The 2014 Hastings Center Cunniff-Dixon Physician Awards in the senior physician category honor Catherine D. Deamant, MD, system director of Supportive and Palliative Care Services for the Cook County Health and Hospitals System in Chicago and program director of the Hospice and Palliative Medicine Fellowship at the John H. Stroger Hospital of Cook County. She is commended for creating a nationally recognized palliative care service that delivers state-of-the-art care in a county-funded safety net hospital, serving patient populations that lack access to such care, including immigrants and detainees.
Dr. Deamant began her career as an attending physician in general medicine at Cook County Hospital, specializing in the care of patients with HIV and care of homeless patients. In 2001, she devoted her career to palliative care and became the sole practitioner for the institution. Since then, she has grown the service to include six attending physicians, a nurse practitioner, a nurse, and two social workers, who see 850 inpatient consults a year, run five outpatient clinics, perform home visits, and train three fellows per year.
Joshua Baru, MD, attending physician at the John Stroger Hospital and member of the Section of Palliative Care, who nominated Dr.
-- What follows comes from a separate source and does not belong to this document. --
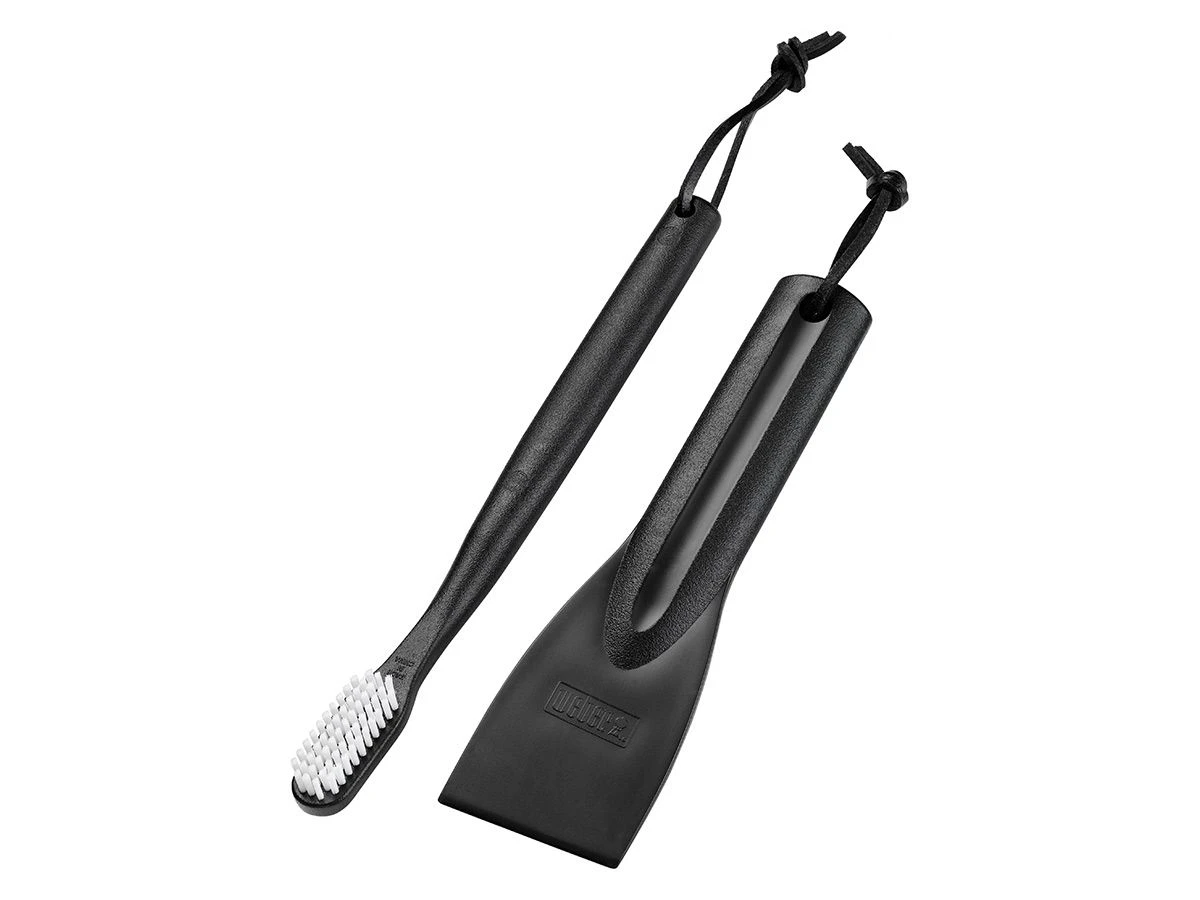 De borstel heeft een afmeting van 25,4 x 19 x 3 cm en de spatel heeft een afmeting van 21,6 x 5,8 x 1,9 cm.

Deamant, cited the lengths to which she has gone to ensure that her patients receive the best possible care. These lengths included personally training interpreters to communicate with immigrant patients at the end of their lives and helping to honor the wishes of those who want to die in their home countries. “She developed relationships with local consulates and created a protocol for assisting terminally ill patients travel,” wrote Dr. Baru. “Cathy can develop a plan for all manner of medicines, medical tubes, and devices, so that travel from Chicago to Mongolia, Poland, or the Philippines with limited funds is possible, even for someone with extensive disease and poor performance status.”
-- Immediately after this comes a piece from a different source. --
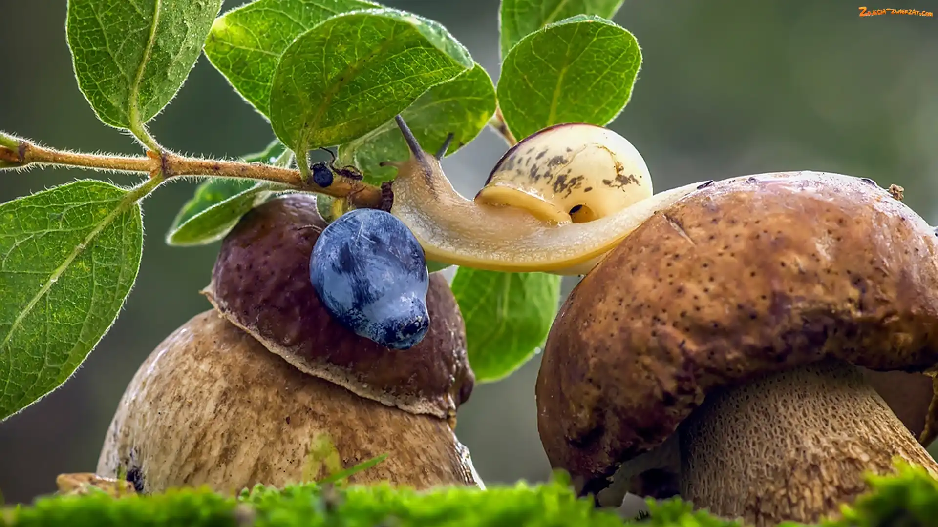 Zdjęcie: Ślimak, Borówka, Grzyby, Krzewinka

Dr. Baru emphasized the tremendous barriers to providing quality end-of-life care in a resource-strapped safety-net population. “Hard work is not enough to realize this goal,” he wrote. “It takes energy, passion and dedication to motivate the institution to develop the resources necessary to deliver optimal care at the end of life. It takes integrity to stand firm to your principles when faced with barriers and maintain respect when promoting work that is new, uncomfortable and even controversial.”
Dr. Deamant received her medical degree from Rush Medical College in 1987.